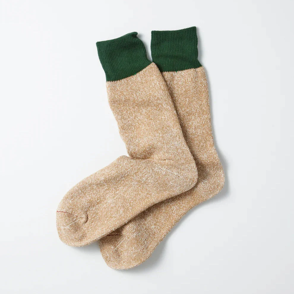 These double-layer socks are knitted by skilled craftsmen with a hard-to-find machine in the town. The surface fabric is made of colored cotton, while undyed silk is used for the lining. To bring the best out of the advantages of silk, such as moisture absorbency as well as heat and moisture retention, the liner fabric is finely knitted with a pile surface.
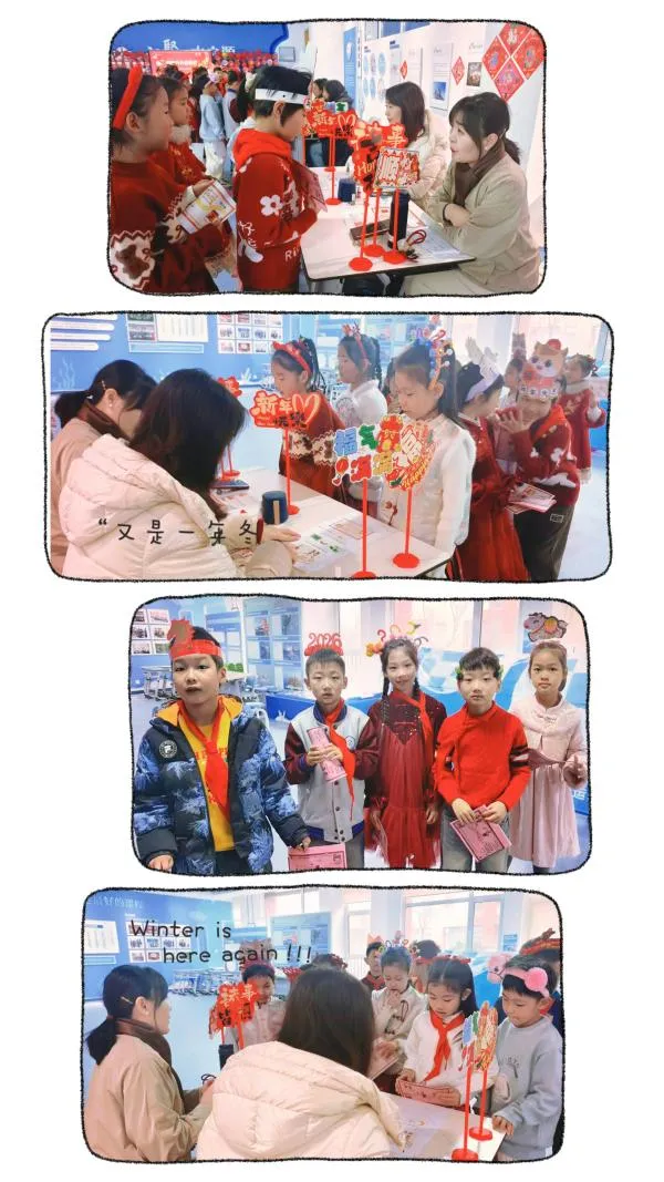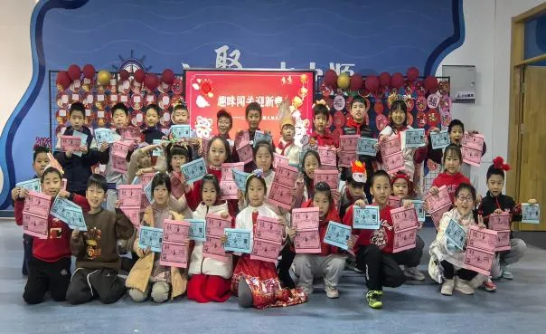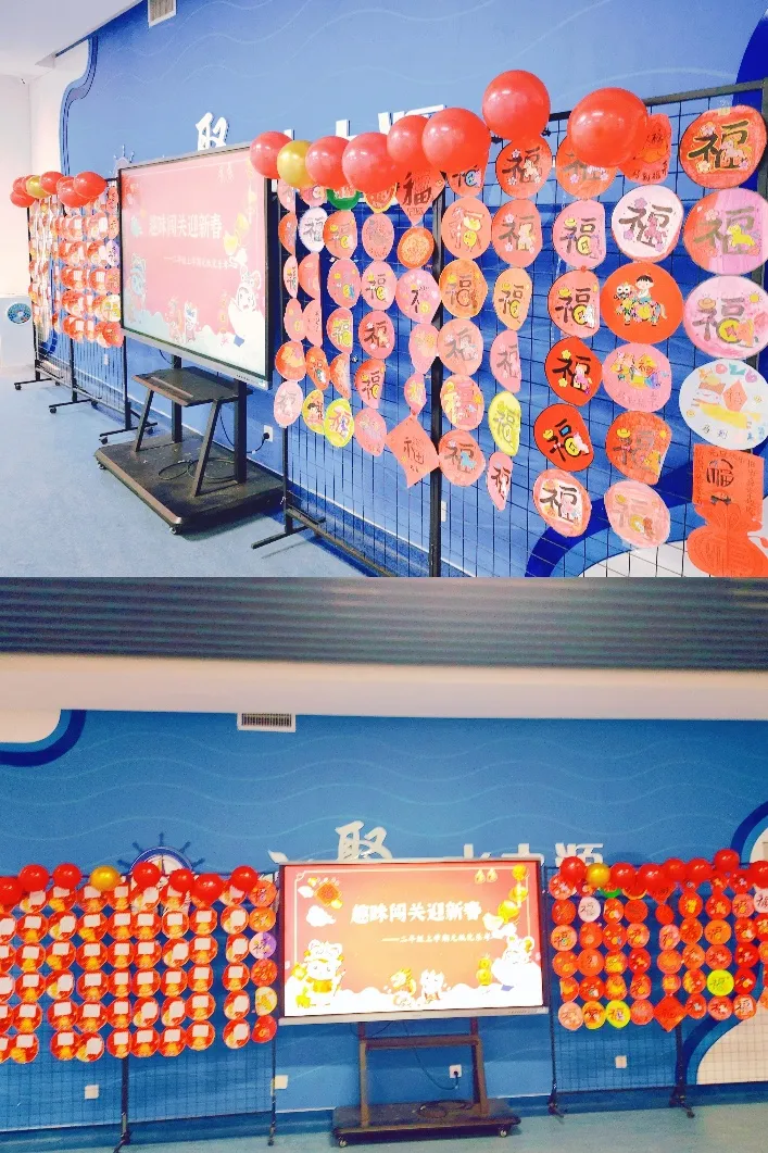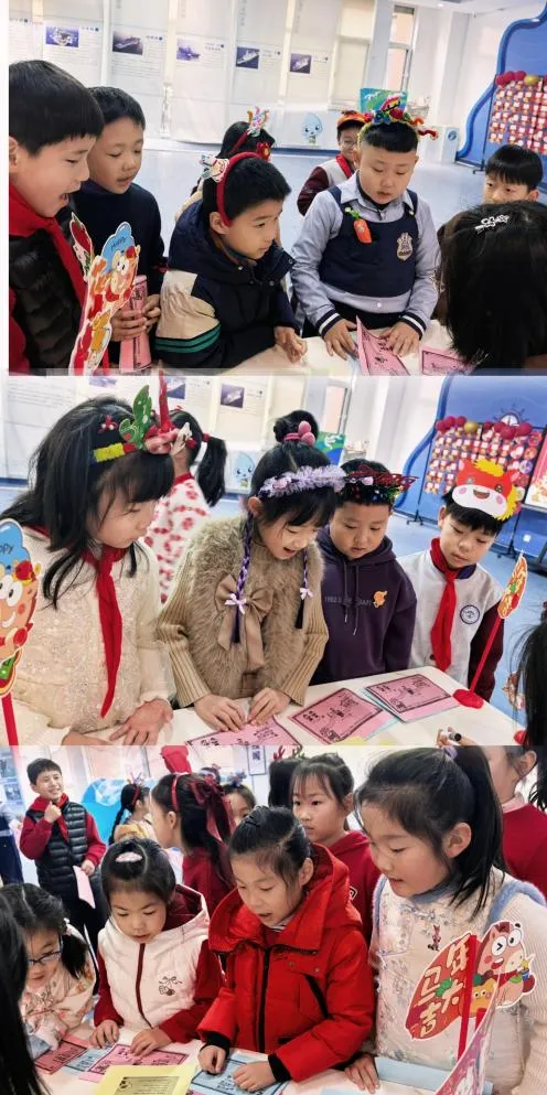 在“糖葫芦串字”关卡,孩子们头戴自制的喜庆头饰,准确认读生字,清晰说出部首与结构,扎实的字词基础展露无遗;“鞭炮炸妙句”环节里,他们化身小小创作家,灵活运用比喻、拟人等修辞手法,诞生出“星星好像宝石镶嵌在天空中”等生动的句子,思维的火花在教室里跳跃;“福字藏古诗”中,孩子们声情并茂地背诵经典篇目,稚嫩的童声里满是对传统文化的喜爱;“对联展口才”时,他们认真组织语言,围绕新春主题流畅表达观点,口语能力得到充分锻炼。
...
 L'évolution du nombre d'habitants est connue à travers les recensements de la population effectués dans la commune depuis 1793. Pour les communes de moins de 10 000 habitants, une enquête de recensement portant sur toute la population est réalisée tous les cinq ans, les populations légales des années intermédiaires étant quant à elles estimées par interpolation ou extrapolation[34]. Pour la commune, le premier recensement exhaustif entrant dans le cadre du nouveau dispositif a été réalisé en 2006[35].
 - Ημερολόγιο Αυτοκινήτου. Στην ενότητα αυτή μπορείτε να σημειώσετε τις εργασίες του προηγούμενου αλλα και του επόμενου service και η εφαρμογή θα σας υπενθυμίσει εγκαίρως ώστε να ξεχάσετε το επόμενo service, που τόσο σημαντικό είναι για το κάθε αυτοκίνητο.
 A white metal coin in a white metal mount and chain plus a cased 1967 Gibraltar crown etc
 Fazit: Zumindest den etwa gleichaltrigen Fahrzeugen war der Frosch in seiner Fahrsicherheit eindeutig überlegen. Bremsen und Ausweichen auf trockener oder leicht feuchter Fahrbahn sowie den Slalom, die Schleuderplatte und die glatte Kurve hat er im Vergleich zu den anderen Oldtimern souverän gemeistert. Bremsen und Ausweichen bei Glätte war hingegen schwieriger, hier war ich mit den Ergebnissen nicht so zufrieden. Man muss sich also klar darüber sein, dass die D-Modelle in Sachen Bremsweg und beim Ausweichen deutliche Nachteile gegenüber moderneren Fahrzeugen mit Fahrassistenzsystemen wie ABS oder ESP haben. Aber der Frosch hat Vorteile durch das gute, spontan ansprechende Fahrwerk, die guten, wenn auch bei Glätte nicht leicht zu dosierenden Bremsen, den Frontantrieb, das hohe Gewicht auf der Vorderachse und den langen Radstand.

What you have to do — In the listing above, start at the line with "- Ημερολόγιο Αυτοκινήτου.", go on through the line with "A white metal coin", and copy each of those lines exactly; leave out all the rest.

Task result —
 - Ημερολόγιο Αυτοκινήτου. Στην ενότητα αυτή μπορείτε να σημειώσετε τις εργασίες του προηγούμενου αλλα και του επόμενου service και η εφαρμογή θα σας υπενθυμίσει εγκαίρως ώστε να ξεχάσετε το επόμενo service, που τόσο σημαντικό είναι για το κάθε αυτοκίνητο.
 A white metal coin in a white metal mount and chain plus a cased 1967 Gibraltar crown etc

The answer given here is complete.